▶ EXERCISE REQUIREMENTS
In the listing that follows, determine how many lines include the word "Leiweg". Respond with that number alone.

(Beginning of INPUT DATA)

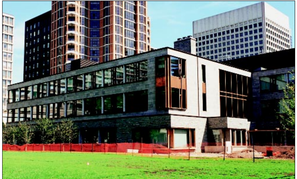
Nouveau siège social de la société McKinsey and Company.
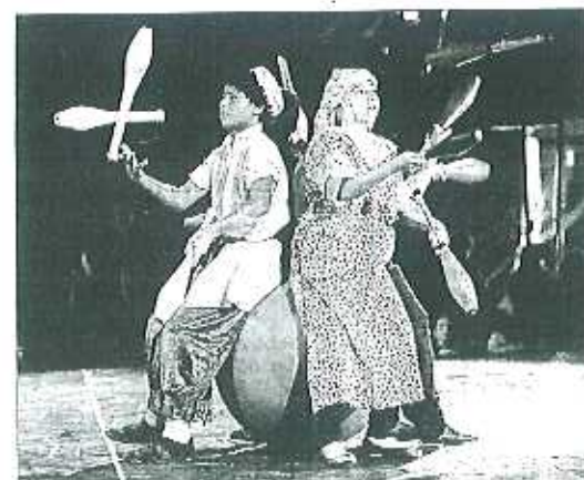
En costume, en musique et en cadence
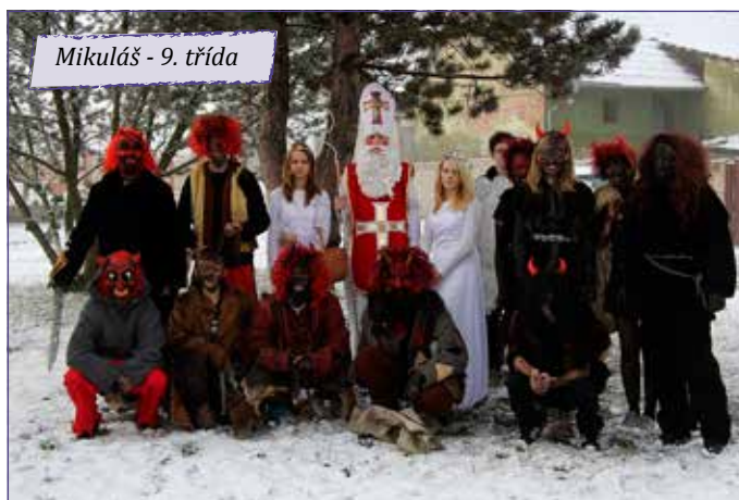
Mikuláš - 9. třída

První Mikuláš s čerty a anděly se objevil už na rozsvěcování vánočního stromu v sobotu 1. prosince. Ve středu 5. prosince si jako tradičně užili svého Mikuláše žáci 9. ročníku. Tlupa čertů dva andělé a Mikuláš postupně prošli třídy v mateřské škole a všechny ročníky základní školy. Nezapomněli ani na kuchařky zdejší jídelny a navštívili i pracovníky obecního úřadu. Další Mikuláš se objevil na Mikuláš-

(End of INPUT DATA)
(Beginning of INPUT DATA)

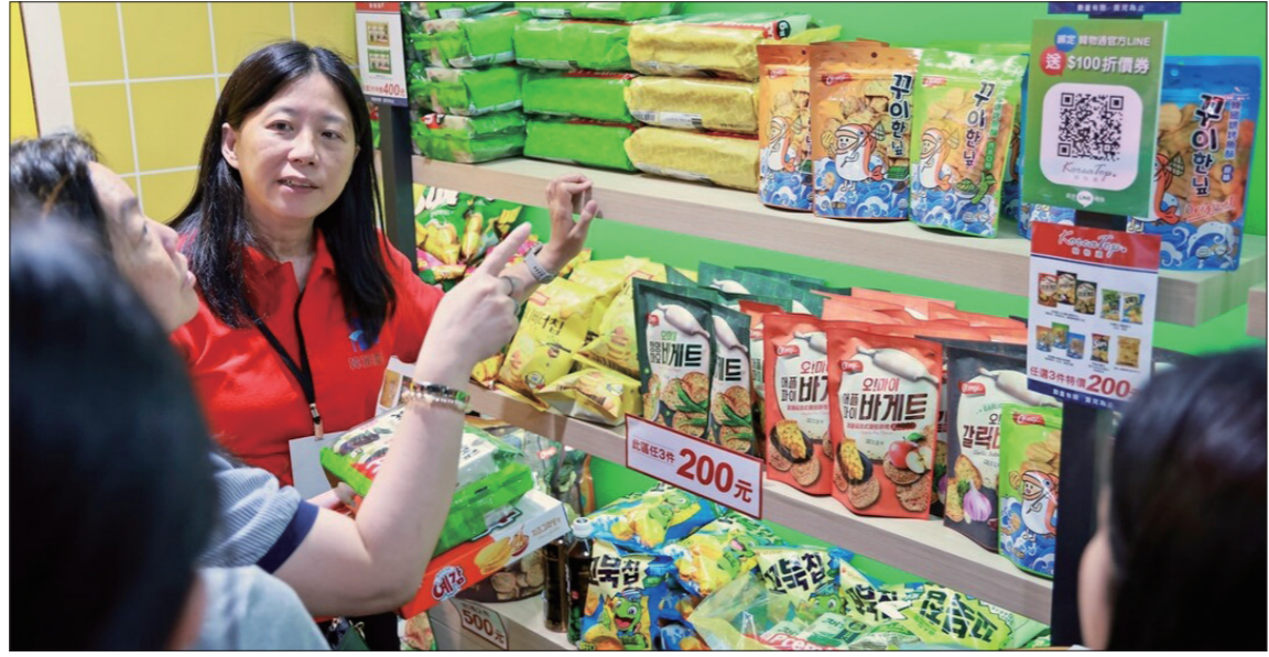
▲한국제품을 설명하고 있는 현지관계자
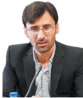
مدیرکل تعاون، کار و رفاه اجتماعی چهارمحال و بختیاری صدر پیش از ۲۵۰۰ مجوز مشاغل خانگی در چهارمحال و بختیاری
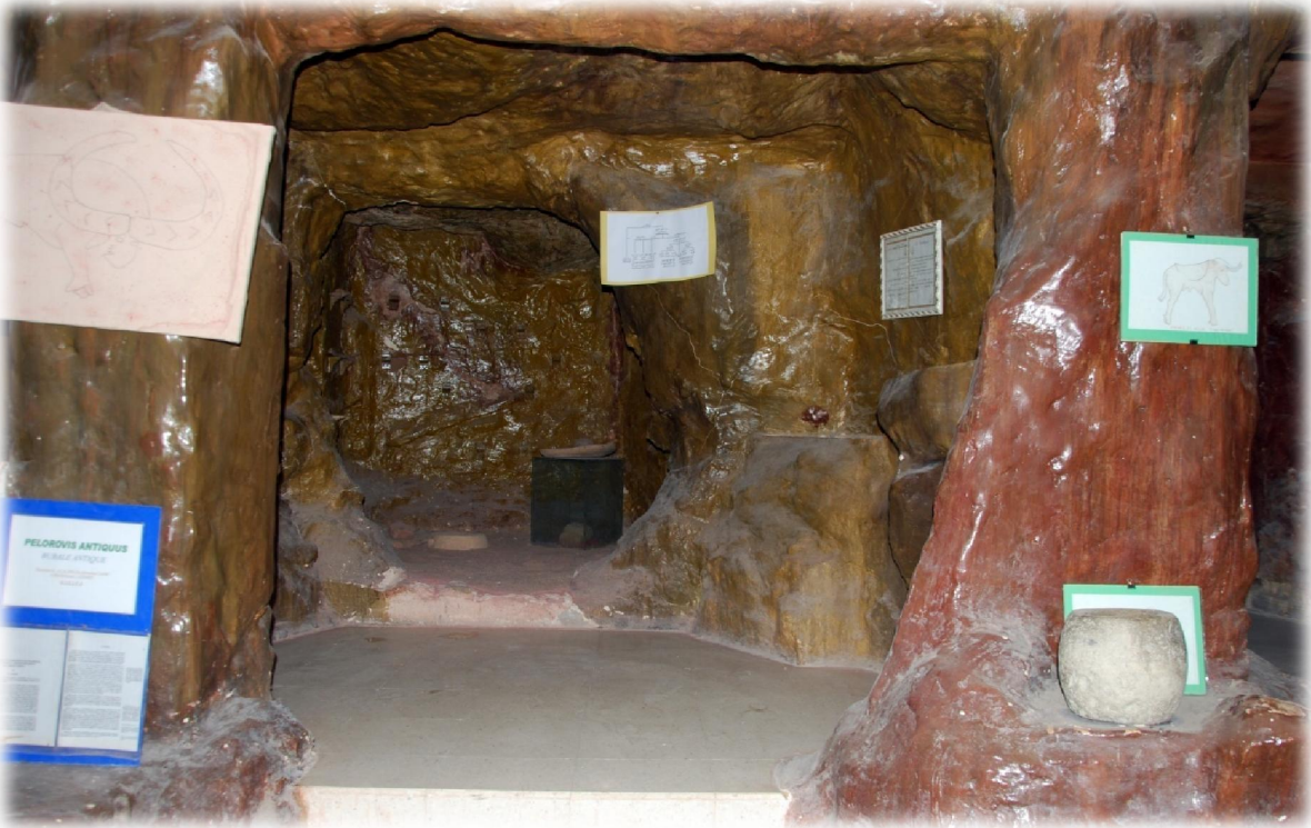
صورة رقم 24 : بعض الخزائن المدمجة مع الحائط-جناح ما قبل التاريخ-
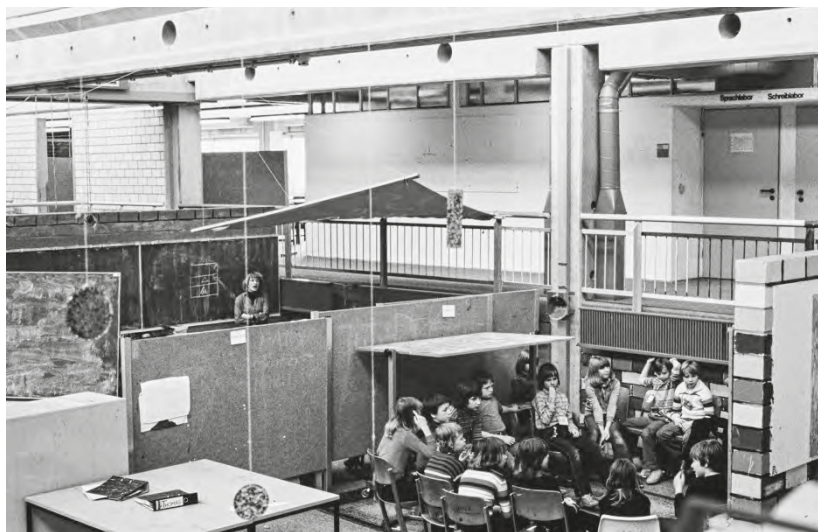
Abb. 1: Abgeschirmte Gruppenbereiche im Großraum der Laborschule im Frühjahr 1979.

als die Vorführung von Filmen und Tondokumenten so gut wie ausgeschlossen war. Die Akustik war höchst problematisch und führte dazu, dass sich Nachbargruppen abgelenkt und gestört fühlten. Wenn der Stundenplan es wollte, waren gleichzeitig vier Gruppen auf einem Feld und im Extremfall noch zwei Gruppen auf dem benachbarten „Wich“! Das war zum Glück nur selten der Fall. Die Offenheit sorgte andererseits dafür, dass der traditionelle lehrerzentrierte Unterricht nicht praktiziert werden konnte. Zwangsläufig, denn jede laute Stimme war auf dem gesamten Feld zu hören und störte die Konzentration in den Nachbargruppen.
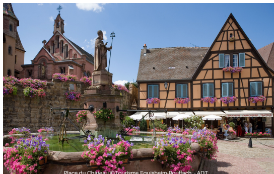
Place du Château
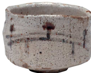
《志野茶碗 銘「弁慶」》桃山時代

(End of INPUT DATA)
(Beginning of INPUT DATA)

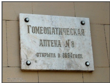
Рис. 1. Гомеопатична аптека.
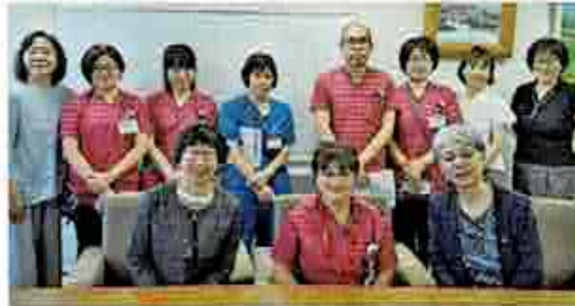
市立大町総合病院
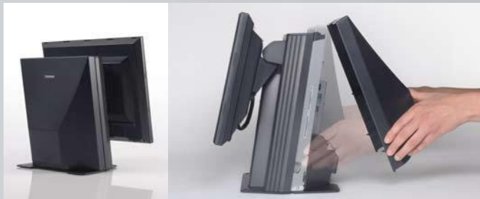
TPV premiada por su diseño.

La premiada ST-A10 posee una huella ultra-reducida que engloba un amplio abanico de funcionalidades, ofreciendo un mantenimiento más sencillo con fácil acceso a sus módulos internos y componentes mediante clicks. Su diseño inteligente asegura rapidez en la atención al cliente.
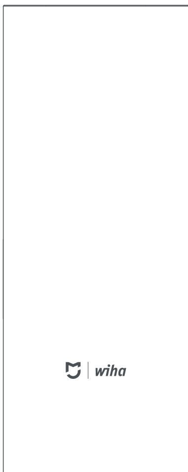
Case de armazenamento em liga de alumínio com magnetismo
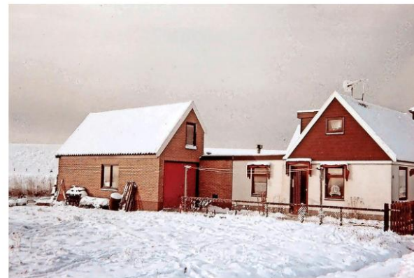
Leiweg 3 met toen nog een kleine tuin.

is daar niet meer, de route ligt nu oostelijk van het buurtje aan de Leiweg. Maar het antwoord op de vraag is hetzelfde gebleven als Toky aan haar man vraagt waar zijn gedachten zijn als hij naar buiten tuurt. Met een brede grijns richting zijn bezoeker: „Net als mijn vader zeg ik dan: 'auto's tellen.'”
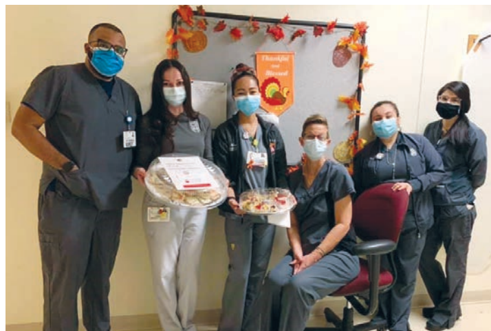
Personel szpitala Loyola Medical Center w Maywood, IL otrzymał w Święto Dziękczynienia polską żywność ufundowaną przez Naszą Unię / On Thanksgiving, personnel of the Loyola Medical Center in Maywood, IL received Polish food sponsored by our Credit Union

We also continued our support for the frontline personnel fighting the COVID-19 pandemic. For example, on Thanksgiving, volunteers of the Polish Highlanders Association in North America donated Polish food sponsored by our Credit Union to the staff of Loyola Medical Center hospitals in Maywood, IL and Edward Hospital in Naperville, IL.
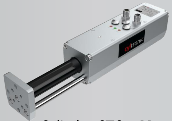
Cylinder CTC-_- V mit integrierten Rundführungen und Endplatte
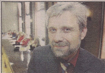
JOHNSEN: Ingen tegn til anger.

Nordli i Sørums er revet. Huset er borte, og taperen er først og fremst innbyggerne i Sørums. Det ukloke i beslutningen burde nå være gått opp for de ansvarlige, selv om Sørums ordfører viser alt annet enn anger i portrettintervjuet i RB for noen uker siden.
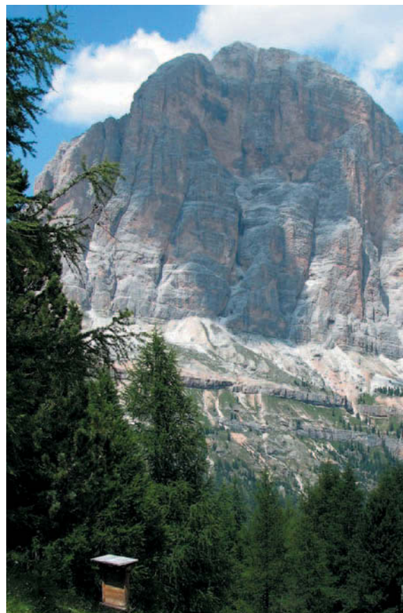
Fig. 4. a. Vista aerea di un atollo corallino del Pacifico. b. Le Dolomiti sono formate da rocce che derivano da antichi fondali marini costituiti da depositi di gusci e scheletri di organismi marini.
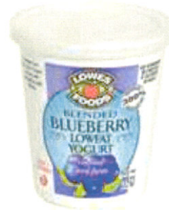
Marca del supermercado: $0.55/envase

(End of INPUT DATA)

▶ EXERCISE OUTPUT
2